Mythe Vier. Zodra het kind 1 jaar oud wordt, is het niet nodig hem te voeden met moedermelk.

Zelfs in het tweede levensjaar heeft de baby nog steeds moedermelk nodig. En hoewel hij niet langer volledig in de behoeften van de baby kan voorzien, blijft het een belangrijke bron van vitamines en voedingsstoffen. Uit moedermelk krijgt een kind ouder dan een jaar bijvoorbeeld 31% van de benodigde energie, 95% vitamine C, 38% eiwit. Bovendien kan het gehalte aan infectiewerende stoffen in melk de baby beschermen tegen infecties. Als een onweerlegbaar bewijs van de behoefte aan moedermelk in het tweede jaar zijn speciale hormonen, weefselgroeifactoren, biologisch actieve stoffen die het bevat. Deze componenten kunnen niet worden verrijkt met een van de kunstmatige mengsels of gewoon voedsel voor volwassenen. Dat is de reden waarom de indicatoren van gezondheid, fysieke en intellectuele ontwikkeling bij kinderen borstvoeding hebben gegeven, hoger.
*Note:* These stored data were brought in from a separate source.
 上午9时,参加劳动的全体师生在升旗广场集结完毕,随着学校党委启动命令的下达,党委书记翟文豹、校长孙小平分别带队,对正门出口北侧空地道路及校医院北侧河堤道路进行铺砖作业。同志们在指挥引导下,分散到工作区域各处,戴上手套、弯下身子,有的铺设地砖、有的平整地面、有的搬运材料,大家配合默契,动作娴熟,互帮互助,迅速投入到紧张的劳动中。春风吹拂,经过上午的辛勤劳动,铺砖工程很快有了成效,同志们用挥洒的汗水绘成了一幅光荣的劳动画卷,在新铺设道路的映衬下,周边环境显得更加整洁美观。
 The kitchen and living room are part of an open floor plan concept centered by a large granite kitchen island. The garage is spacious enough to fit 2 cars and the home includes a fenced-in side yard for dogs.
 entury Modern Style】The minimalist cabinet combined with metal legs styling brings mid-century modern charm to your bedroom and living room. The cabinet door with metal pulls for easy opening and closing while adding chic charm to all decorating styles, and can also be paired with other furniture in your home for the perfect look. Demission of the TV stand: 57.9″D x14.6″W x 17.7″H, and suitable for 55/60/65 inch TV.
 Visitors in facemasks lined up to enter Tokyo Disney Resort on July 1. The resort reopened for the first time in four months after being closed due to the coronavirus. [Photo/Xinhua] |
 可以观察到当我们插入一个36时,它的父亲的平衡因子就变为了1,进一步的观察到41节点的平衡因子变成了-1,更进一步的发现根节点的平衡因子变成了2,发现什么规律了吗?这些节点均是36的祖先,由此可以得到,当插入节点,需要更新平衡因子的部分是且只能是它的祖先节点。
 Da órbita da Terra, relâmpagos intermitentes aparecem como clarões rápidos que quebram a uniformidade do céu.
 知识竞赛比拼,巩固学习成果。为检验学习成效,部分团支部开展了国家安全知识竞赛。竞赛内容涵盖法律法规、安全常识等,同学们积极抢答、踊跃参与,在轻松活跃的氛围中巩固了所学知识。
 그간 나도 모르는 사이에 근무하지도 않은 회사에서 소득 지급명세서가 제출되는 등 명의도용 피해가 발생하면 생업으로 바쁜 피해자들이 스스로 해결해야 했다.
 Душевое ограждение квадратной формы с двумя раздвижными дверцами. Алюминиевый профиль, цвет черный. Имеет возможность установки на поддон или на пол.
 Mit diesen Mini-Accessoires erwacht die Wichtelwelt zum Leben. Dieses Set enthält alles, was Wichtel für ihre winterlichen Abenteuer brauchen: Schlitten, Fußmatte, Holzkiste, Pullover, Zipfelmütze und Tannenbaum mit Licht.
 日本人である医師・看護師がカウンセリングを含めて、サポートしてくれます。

Dit is vooral belangrijk voor kinderen ouder dan een jaar.

Mythe vijf. Moderne moedermelkvervangers hebben dezelfde samenstelling en zijn even nuttig als moedermelk.
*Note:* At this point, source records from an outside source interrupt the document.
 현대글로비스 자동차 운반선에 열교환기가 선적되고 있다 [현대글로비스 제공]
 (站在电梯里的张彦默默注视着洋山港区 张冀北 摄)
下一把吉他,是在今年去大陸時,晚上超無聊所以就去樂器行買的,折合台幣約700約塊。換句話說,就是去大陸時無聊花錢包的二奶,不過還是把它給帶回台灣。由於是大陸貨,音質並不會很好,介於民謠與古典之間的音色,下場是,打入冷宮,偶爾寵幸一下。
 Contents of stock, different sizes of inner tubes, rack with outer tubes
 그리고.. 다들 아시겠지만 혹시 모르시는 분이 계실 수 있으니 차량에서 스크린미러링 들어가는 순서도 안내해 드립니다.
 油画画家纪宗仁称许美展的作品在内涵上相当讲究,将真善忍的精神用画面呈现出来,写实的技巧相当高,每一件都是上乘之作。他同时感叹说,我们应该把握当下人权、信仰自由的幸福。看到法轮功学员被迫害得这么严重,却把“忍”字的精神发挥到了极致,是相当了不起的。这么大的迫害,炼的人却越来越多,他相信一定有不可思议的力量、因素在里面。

Mythes over eten zijn anders, maar dit is de meest hardnekkige en meest schadelijke mythe. In werkelijkheid is moedermelk absoluut een uniek product, dat de natuur zelf heeft gecreëerd. Elke, zelfs de duurste combinatie is zijn inferieure kopie, gebaseerd op onvolledige kennis van wat in het algemeen moedermelk is. In moderne kunstmatige mengsels bevat ongeveer 30-40 componenten, en in menselijke melk - ongeveer 100, maar men gelooft dat in werkelijkheid er ongeveer 300-400 zijn. De meeste mengsels zijn gebaseerd op koemelk, maar de aard van koemelk is bedoeld voor kalveren, waarvoor groeicijfers belangrijk zijn, en niet de kwaliteit van ontwikkelingsprocessen, dus de samenstelling van menselijke en koemelk verschilt. De moedermelk van elke vrouw komt overeen met de behoeften van haar baby in het bijzonder, en in dit verband is melk verschillend in kwaliteit en samenstelling bij verschillende vrouwen. Bovendien kan de samenstelling van de melk variëren, afhankelijk van de weersomstandigheden, de conditie en de leeftijd van het kind, het tijdstip van de dag en zelfs de gemoedstoestand van een vrouw tijdens elke voeding. Een mengsel van dezelfde samenstelling is altijd hetzelfde en kan niet volledig aan de behoeften van kruimels voldoen. In kunstmatige melk bevat het geen levende cellen, antilichamen en andere factoren die het lichaam beschermen tegen infecties die de groei van pathogene microben remmen die de groei van nuttige microflora bevorderen. En een andere kwaliteit van moedermelk die onvervangbaar is door kunstmatige mengsels is de inhoud van een heel complex van groeifactoren, speciale hormonen die de groei en ontwikkeling van het kind reguleren. Daarom ervaren kinderen die borstvoeding geven optimale ontwikkelingsgraad. Bovendien wordt er tijdens het geven van borstvoeding een speciaal emotioneel contact gelegd tussen het kind en de moeder, wat het kind een gevoel van veiligheid en rust geeft.